MSF hash passing attack
Conditions : Get to the Administrator user of a host of LM-Hash and NTLM-Hash, and 445 ports that host open, available exploit / windows / smb / psexec vulnerability for remote login (hash passing attack) with MSF. (Only administrator users LM-hash and NTLM-hash), this has nothing to do with the use of a workgroup environment or a domain environment.

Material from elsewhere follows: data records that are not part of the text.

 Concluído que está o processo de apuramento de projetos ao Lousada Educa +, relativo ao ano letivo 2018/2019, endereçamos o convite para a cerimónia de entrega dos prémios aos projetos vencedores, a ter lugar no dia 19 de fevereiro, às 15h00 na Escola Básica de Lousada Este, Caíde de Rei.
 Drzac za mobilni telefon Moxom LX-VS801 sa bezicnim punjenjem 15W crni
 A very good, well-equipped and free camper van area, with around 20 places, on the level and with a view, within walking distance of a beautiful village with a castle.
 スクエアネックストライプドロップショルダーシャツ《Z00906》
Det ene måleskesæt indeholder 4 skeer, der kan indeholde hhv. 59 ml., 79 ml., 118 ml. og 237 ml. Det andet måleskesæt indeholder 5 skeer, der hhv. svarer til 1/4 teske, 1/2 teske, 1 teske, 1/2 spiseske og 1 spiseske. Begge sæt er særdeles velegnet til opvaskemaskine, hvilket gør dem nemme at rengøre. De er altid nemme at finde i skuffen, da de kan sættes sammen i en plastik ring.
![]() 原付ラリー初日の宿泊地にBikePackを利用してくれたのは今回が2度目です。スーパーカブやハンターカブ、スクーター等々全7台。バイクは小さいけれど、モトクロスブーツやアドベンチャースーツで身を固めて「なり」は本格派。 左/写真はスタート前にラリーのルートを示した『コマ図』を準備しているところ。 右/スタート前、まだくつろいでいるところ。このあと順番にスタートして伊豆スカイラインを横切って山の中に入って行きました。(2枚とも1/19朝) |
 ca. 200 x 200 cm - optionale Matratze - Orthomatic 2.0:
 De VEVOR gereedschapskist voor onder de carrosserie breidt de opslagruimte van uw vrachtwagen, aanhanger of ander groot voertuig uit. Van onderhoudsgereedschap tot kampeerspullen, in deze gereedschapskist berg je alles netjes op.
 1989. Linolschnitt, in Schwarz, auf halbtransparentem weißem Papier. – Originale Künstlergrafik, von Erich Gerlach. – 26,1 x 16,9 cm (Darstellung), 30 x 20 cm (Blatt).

This site provides password converted into operation LM-Hash and NTLM-Hash of: https: //asecuritysite.com/encryption/lmhash
mimikatz hash passing attack
Based domain environment, if the working group was unsuccessful when this attack.
Conditions: In a domain environment, when we won the NTLM hash value of a domain administrator, we can pass the hash attack on a domain controller by using a host mimikatz domain. After executing the command, cmd window will pop up. The premise is that we must have NTLM hash value of the local administrator and domain administrator privileges Renyiyitai host domain.
Build a reference domain environment: Portal
#使用域管理员administrator的NTLM哈希值对域控进行哈希传递攻击
sekurlsa::pth /user:administrator /domain:"xxx.com" /ntlm:6542d35ed5ff6ae5e75b875068c5d3bc
After the successful implementation of the session box will pop up cmd, then execute the command, disk mapping play like.